Wednesday, November 13, 2024

Midnight-spirit! (Part 1 of 2)

 Midnight spirit!
 
Mountain shadows shade to deep purple in dark seeping hours after midnight when the desert sands cool-out in a blue-black silver pin light canopy as cool wind favors toward a cold chill.

Cabin sized rounded boulders in a giant jumble reflect indirect starlight illumining softness; nature’s own magician’s trick-of-misdirection disguising the cold, hard reality of unkempt chaos of the strewn gargantuans suggesting a vacant logical order to the enigma. They invite “fun” for the climbing and exploring to any of a curious purpose filled with Appreciation for an awesome adventure. The shapes and shadows, a black-white daguerreotype wraith-of-stealth in the near-of-darkness, like nectar to the ambitious bee, tempts a yearning, demanding satisfaction-of-the-spirit desire.
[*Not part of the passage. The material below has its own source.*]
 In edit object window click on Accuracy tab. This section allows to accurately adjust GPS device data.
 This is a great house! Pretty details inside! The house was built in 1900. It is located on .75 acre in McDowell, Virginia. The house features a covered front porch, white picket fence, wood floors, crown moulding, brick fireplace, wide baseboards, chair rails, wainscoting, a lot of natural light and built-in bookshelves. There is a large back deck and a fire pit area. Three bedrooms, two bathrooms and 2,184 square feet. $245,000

A silent ancient spirit portal-call of the Anasazi to awaken Appreciation before it is, indeed, soon-too-late for innocent curiosity to defy coming sophisticated adult negative reasoning thus demanding a proper consideration of logic to affirm some accepted behavior.
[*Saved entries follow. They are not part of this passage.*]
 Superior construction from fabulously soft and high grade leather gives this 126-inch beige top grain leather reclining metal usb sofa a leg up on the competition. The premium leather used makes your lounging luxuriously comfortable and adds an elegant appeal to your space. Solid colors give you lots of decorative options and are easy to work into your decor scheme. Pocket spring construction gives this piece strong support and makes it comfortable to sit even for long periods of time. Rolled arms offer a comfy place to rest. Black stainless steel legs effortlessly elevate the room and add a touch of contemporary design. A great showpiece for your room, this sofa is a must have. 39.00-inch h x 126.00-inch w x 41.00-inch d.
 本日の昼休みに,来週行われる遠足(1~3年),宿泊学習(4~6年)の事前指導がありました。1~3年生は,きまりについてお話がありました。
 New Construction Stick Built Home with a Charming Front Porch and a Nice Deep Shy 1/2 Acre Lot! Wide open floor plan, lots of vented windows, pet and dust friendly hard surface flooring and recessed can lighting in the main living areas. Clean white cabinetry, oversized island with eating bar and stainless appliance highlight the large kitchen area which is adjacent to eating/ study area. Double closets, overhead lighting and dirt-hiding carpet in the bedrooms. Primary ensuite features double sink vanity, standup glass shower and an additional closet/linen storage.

Refined ears perked in a forward attention at the piqued-note howl of a lonesome coyote skulking in the grey shaded-shadows of obfuscated foothills issuing a lamenting reverie for a hopeful sought-after mate or the recall to a scattered pack of kin and cousins offering a “meeting-of-the-minds” to entertain a hunting foray en-masse though the usual modus-operandi of the species requires stealth in aloof aloneness in the fun chase of some quarry.


Sa-kam-ta
instinctively processed the “howl” instantly determining its direction and distance along with a translation-in-meaning to the intent of the eerie call-in-the-night.
The mountain bred mustang flared wide nostrils testing the proximate aromas hanging on cold, thin air immediately concluding nothing amiss in his immediacy, as he had well anticipated and expected; the wild “dog” was at least a half-mile off, across the wide arroyo, sitting on a shadowed-boulder surveying his immediate surroundings as he surveilled the rugged terrain for a rabbit or rodent which might well serve as “dinner” or simply waiting to slake a thirst from the stream. Sometimes, Sa-kam-ta knew, intuitively, the wild in the coyote simply demanded a “howl”-in-the-night to forestall a feeling of total loneliness and abandonment.